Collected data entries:
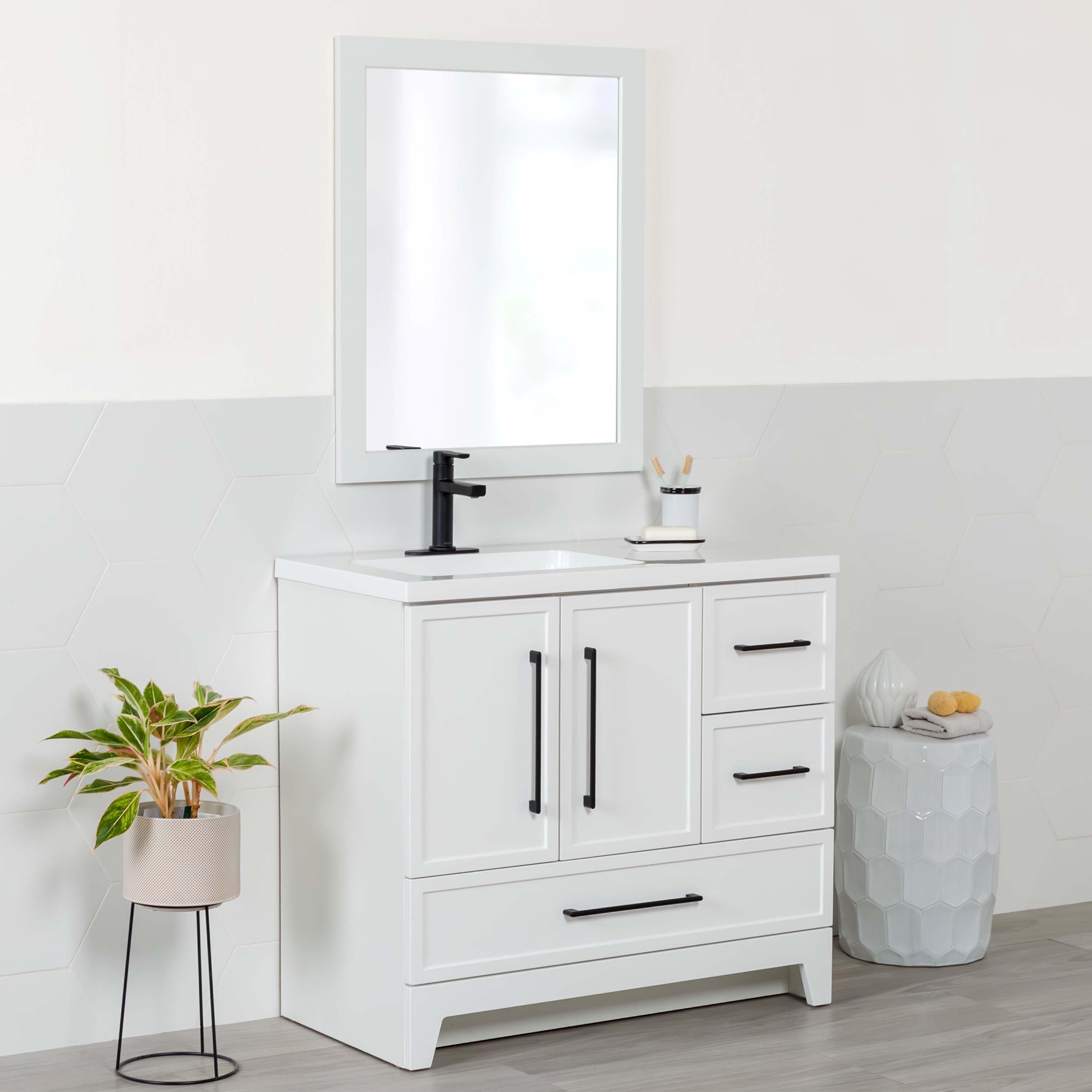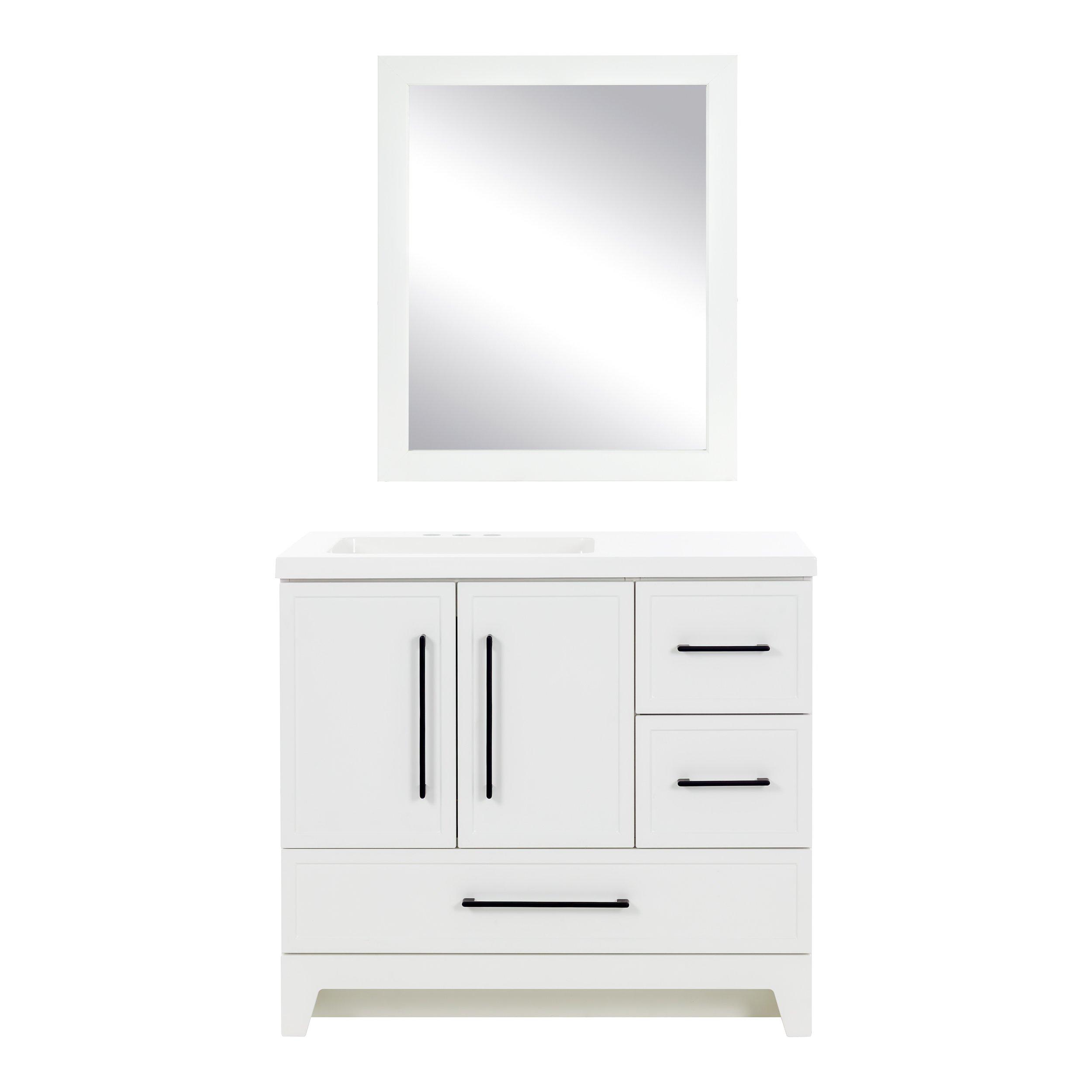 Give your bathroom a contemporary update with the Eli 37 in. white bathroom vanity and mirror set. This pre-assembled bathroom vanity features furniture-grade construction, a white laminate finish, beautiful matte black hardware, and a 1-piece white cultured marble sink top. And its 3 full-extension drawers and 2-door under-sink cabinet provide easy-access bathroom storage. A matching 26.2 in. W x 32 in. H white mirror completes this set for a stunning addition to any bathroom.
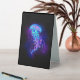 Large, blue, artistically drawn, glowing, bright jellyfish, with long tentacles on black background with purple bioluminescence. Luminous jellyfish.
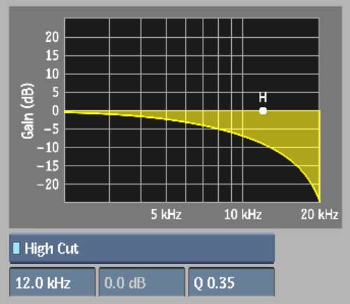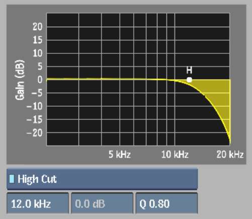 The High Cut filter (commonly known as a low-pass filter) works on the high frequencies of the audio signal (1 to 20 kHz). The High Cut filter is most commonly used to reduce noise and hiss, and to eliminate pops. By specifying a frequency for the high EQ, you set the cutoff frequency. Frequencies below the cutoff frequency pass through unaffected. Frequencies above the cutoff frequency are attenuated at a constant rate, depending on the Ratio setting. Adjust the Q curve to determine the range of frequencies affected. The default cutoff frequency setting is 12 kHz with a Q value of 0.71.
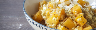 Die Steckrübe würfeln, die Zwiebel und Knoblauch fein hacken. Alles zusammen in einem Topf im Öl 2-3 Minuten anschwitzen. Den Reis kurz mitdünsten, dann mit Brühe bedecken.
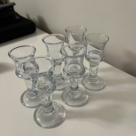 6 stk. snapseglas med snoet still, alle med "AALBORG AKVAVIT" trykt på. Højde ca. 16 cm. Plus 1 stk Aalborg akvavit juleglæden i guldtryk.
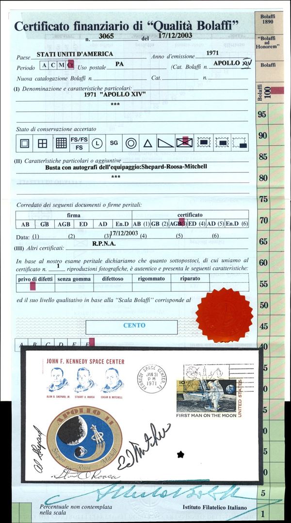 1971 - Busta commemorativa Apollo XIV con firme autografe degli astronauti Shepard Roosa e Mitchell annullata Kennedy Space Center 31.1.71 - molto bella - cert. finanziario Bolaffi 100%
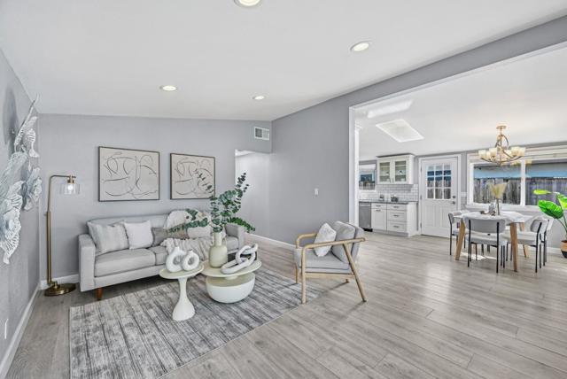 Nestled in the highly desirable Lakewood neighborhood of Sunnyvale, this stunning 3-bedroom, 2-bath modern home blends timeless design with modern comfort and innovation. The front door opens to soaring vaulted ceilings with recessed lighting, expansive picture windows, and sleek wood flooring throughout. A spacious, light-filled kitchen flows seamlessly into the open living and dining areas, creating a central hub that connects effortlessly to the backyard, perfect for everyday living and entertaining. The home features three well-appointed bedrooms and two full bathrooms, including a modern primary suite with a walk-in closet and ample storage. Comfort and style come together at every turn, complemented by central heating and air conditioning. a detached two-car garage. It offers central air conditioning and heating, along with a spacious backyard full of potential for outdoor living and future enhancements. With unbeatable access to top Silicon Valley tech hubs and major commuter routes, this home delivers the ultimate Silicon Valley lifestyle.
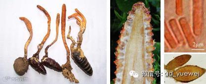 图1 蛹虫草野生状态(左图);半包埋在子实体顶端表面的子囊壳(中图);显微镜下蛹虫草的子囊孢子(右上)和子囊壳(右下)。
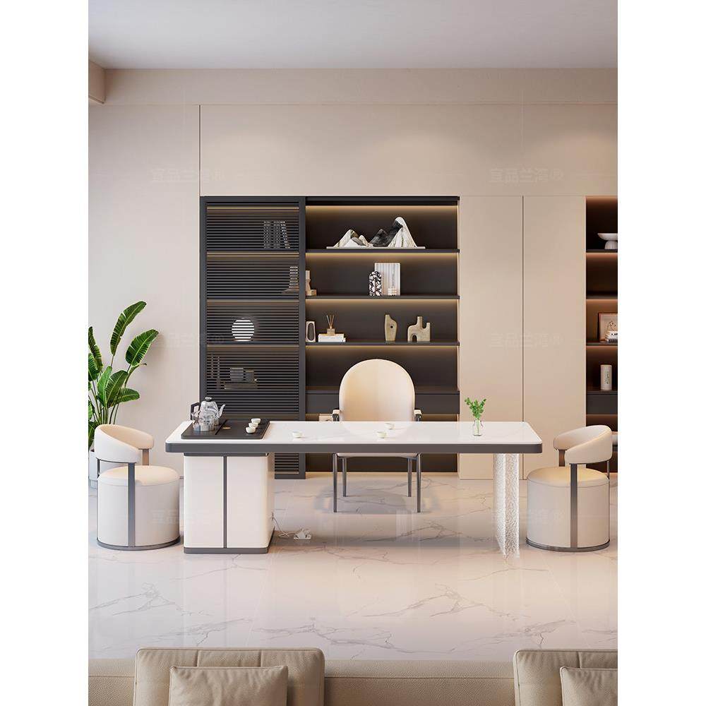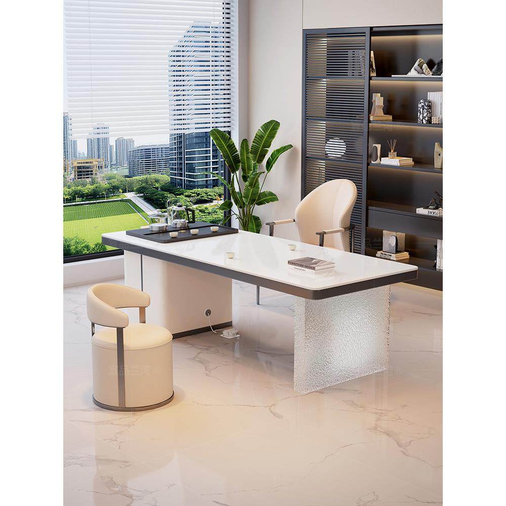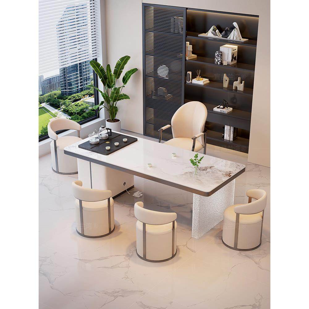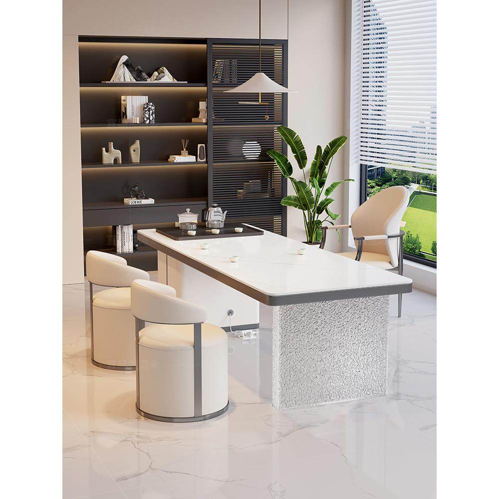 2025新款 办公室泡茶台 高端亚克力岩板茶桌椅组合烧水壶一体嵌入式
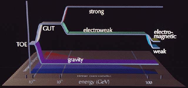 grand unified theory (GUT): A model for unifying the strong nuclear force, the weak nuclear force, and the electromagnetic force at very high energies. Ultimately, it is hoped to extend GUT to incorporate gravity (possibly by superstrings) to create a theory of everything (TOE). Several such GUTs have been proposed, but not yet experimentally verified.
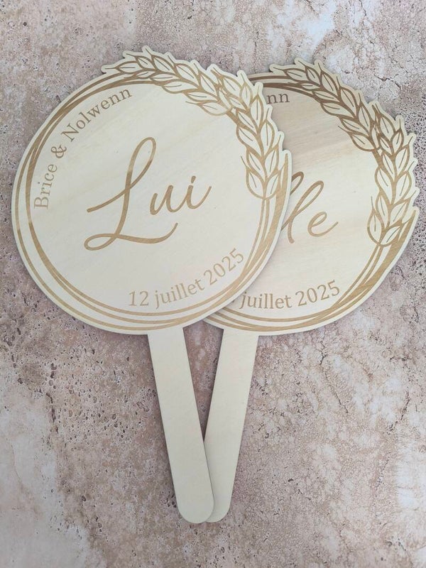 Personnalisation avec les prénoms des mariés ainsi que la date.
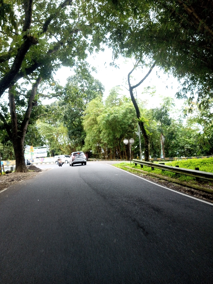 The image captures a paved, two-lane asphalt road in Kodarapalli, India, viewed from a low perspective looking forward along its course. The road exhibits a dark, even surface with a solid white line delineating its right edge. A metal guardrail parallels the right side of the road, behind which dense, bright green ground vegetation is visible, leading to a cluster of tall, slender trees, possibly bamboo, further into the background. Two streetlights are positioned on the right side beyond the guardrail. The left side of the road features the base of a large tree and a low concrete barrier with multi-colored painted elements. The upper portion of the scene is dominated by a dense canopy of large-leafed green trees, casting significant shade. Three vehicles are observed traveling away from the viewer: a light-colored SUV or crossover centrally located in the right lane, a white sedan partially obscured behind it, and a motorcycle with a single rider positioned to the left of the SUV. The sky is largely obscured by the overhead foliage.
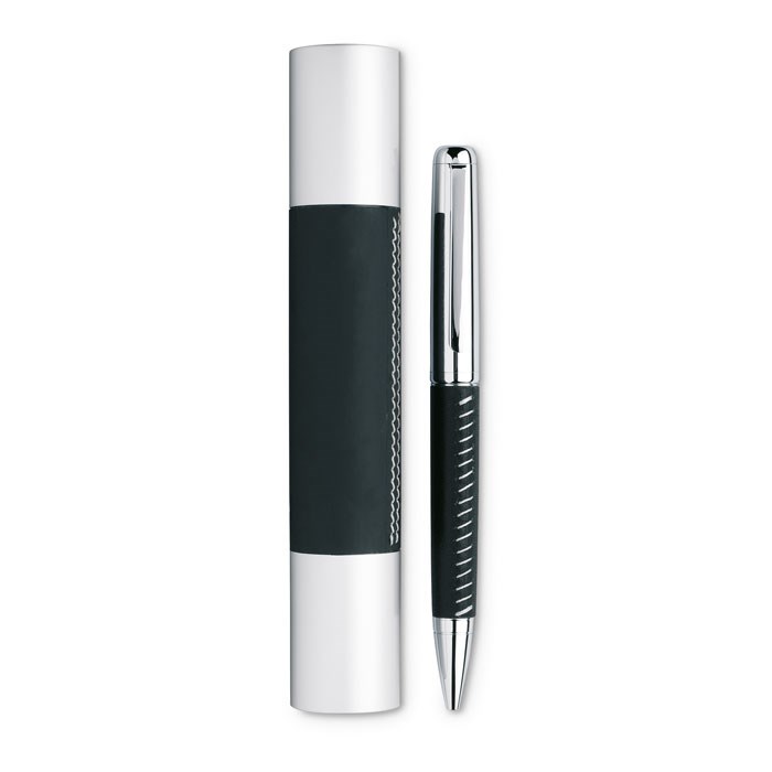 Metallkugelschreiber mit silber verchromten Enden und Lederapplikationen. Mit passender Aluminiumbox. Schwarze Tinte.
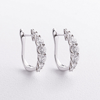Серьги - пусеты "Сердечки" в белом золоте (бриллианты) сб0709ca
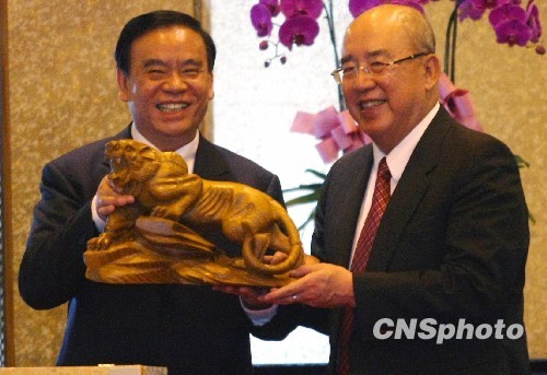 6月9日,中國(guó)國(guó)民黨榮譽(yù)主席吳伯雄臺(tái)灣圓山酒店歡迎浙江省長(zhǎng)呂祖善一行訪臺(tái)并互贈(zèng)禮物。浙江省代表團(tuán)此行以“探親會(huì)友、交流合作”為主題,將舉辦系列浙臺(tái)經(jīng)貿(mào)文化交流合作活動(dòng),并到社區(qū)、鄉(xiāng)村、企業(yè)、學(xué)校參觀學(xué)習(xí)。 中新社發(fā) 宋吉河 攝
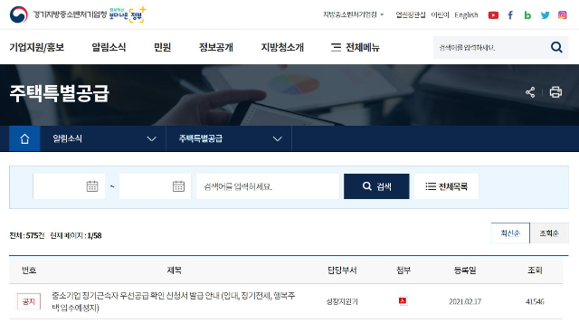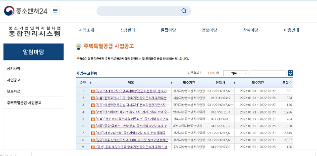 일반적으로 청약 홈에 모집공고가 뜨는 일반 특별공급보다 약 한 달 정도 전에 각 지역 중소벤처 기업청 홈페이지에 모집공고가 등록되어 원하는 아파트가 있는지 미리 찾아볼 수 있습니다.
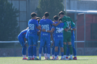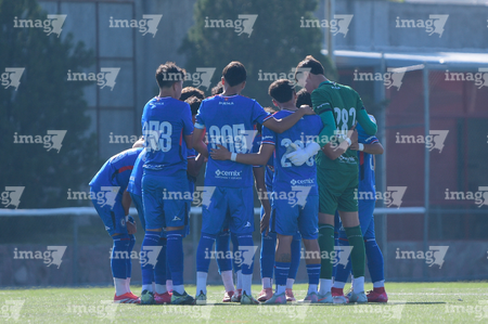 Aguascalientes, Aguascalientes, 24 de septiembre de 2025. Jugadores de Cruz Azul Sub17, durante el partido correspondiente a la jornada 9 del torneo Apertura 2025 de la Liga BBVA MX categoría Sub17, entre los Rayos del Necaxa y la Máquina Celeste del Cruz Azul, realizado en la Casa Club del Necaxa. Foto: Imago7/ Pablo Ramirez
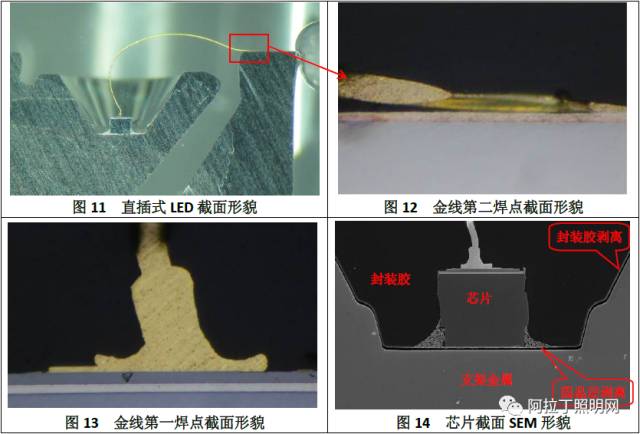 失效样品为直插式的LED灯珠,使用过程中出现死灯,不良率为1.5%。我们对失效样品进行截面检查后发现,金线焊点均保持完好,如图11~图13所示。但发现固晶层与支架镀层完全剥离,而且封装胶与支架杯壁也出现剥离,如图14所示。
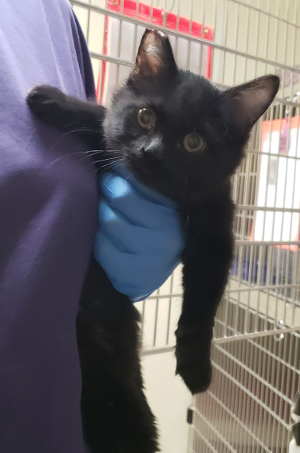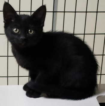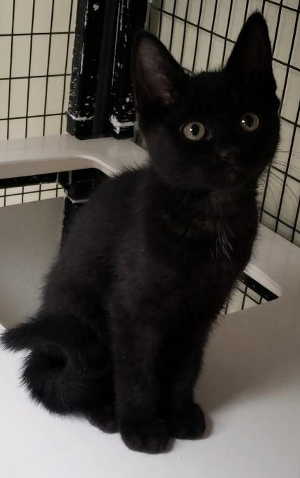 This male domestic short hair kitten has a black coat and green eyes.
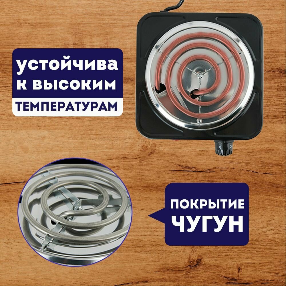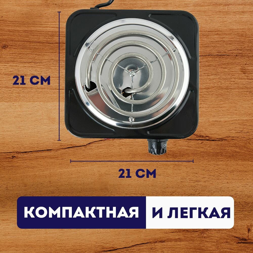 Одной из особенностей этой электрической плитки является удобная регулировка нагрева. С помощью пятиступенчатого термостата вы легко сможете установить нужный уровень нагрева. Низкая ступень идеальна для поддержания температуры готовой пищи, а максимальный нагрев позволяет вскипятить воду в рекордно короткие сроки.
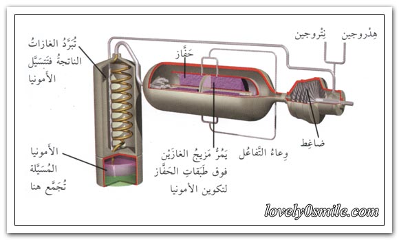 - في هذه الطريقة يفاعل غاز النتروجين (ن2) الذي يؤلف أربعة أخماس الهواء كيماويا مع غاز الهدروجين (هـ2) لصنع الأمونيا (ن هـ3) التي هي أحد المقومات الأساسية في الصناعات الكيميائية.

EXERCISE REQUIREMENTS:
Print, without pictures, exactly the lines from the one containing "失效样品为直插式的LED灯珠" through the final line of the records above.

RESPONSE TO THE EXERCISE:
 失效样品为直插式的LED灯珠,使用过程中出现死灯,不良率为1.5%。我们对失效样品进行截面检查后发现,金线焊点均保持完好,如图11~图13所示。但发现固晶层与支架镀层完全剥离,而且封装胶与支架杯壁也出现剥离,如图14所示。
 This male domestic short hair kitten has a black coat and green eyes.
 Одной из особенностей этой электрической плитки является удобная регулировка нагрева. С помощью пятиступенчатого термостата вы легко сможете установить нужный уровень нагрева. Низкая ступень идеальна для поддержания температуры готовой пищи, а максимальный нагрев позволяет вскипятить воду в рекордно короткие сроки.
 - في هذه الطريقة يفاعل غاز النتروجين (ن2) الذي يؤلف أربعة أخماس الهواء كيماويا مع غاز الهدروجين (هـ2) لصنع الأمونيا (ن هـ3) التي هي أحد المقومات الأساسية في الصناعات الكيميائية.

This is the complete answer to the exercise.